Uhm...
The Zero / Fatal Frame / Project Zero games, all of which you can emulate perfectly on any modern PC. The games usually follow a girl or group of girls exploring someplace haunted and related to japanese folk beliefs with no more weapons than a special camera. Fatal Frame 1 is short, rough around the edges, very atmospheric, and has some brutally hardcore combat. Fatal Frame 2 is a bit longer, much easier, incredibly atmospheric, and probably the scariest game you will ever play. Fatal Frame 3 is very long, can have you wander for hours if you don't pay attention to the little clues that tell you what to look for and where to do so, is way harder than the second game while not reaching the levels of the first one, and has a couple of really creepy and disturbing sequences (Sure, Miku, CRAWLING UNDER THE FUCKING FLOOR sounds like a good plan.). I have yet to play the fourth one.

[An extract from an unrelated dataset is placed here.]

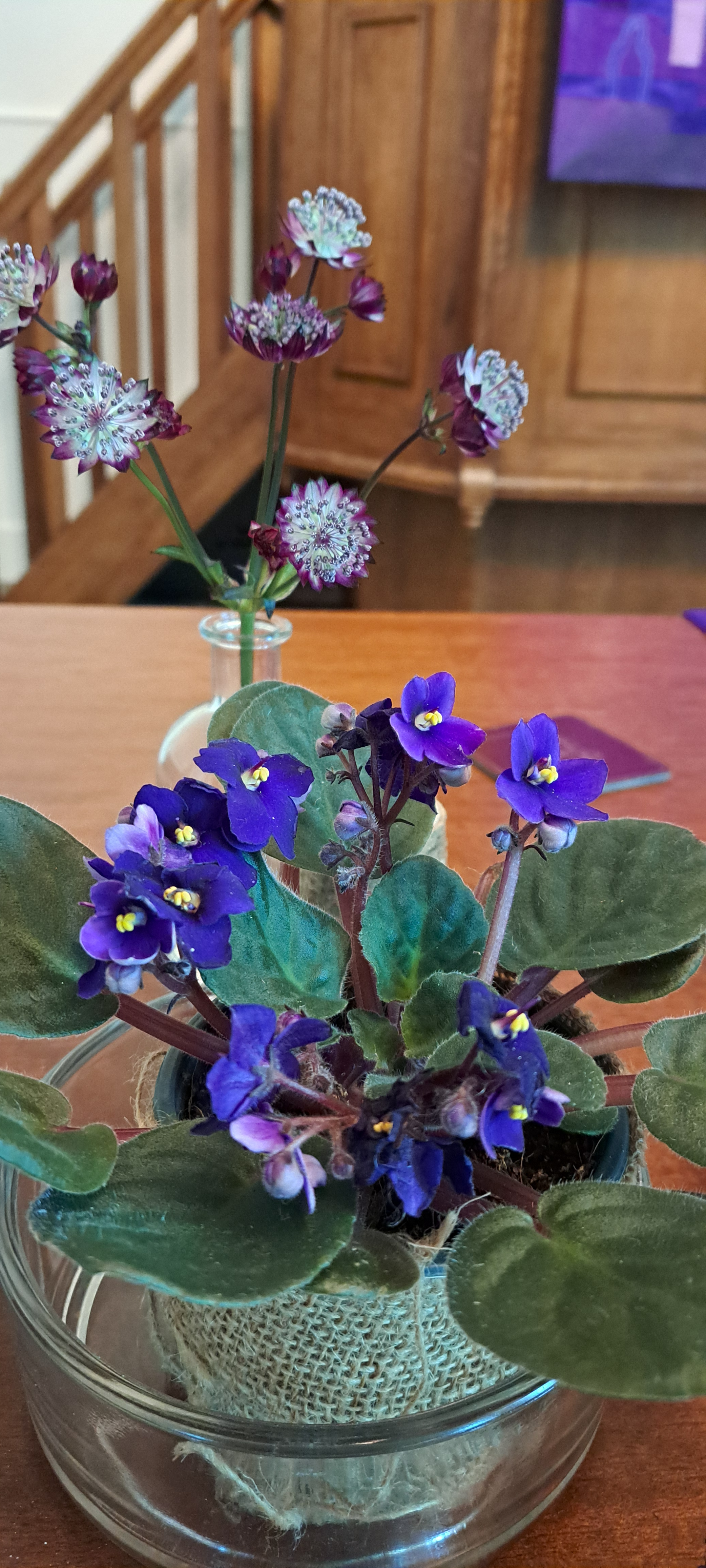 Tegelijk staat de staf symbool voor onze nieuwe predikant als geestelijk leider van onze gemeente. Aan de staf is een bolglas bevestigd met een bloem van de Scabiosa of te wel duifkruid. Het duifkruid symboliseert de kracht va Heilige Geest, welke wij ds. van Vliet toewensen.

Special mention goes to the ghosts you face, most of which are pretty disturbing and have little implied-only backstories that rule their behaviour and appearance, and how thick the atmosphere is: Play them at night, alone, with headphones to lose your ability to sleep with the lights off for days. The puzzles are simple and straightforward, and usually take the form of either doors sealed by certain items or presences about which you only get vague information about in the form of a ghostly photograph you get by taking a shot at the seal and must then look for, or self-contained puzzles like those in games like Shivers.
Combat is mostly pattern recognition, timing, and cold blood (as it rewards being patient, keeping the enemy in focus as long as possible, and waiting for the very last moment before being touched to take a pic). The game plays in third person for exploration but goes into first person when you prepare your camera, and there are more than a couple of WTF moments when you take your camera out just because only to have something react to it unexpectedly and give you a beautifully subtle (or not so subtle) first person scare, or maybe you just notice some small detail that was hard to notice in third person mode and all of a sudden you want to hide because you are SURE SOMETHING HORRIBLE IS GOING TO HAPPEN THE MOMENT YOU TAKE ANOTHER STEP.
Finally, all games default to the BAD ending the first time you play them. You must play them on hard mode (and in some games complete an optional quest that is only activated during a second playthrough and whose existence you have to notice on your own from the reading materials you collect), unlocked after clearing the game in normal mode, to get the GOOD one. Canonical endings are the BAD ones for the first two games, and still unknown for the third and fourth. Contrary to most other games, though, atmosphere is so thick the games don't really become less scary if you replay, and at times is probably the opposite. Oh, and most ghost encounters are random (i.e: you enter this room, nothing attacks you. Next playthrough you enter this room, The Wandering Monk appears and serves you your butt), and certain boss fights change depending on variables no one is sure to have mapped.
In any case those are some of the few games that come close to completely paralyze me because I know something horrible is going to happen and I don't want to see because then I will not be able to sleep ever again. And for the record I may not be the bravest person to have ever lived but the second game managed to once completely paralyze me out of fear DURING THE DAY, to the point of making me physically ill for an hour or so. Fuckin' Kiryu twins.
Give also a try to Ju-On and The Calling for the Wii, though again both can be easily emulated on modern hardware. They are the same kind of games the Fatal Frame ones are: Asian Horror impecably translated into videogame form, you being a pretty much defenseless girl or boy in a very haunted place that wants you dead from a heart attack oh-so-very-much. They are both exploration heavy and first person, and very disturbing. And just like Fatal Frame they are not much into "BOO!", instead building a stupidly creepy atmosphere.
Then there's the Forbidden Siren games, a pretty weird mixture of sneaking puzzler (think commandos) with horror by some of the guys behind Silent Hill, though it is more unerving than scary: It's the mixture of creepy and OH-GOD-IM-GOING-TO-BE-FOUND that gets you, the game is very tense but it will not make you vomit your heart like some of the others I mentioned will. It has some pretty cool mechanics, too, in that your main tool to study the enemies' routes, recognize their vision cones, and scout the levels is to sight-jack them. Basically, you see through their eyes. Which, of course, gave them the idea of making the only character who can move while sight-jacking BLIND. Thank you, game.
It's hardcore and oh-so-frustrating.
And since both the Clocktower games and Haunting Ground were already mentioned I'll add White Day and Hellnight to the list, too. The first is a korean horror PC game that has an english patch, the second is a localized playstation one Japanese game. They are the same kind of game as Clocktower and Haunting Ground but in first person: You explore huge places and solve puzzles while trying not to get found, or caught when found, by something implacable and very killy. Hellnight is atmospheric but not very scary, White Day is one of the most disturbing games you will ever play.
That's about it. I'll post again if I remember anything else.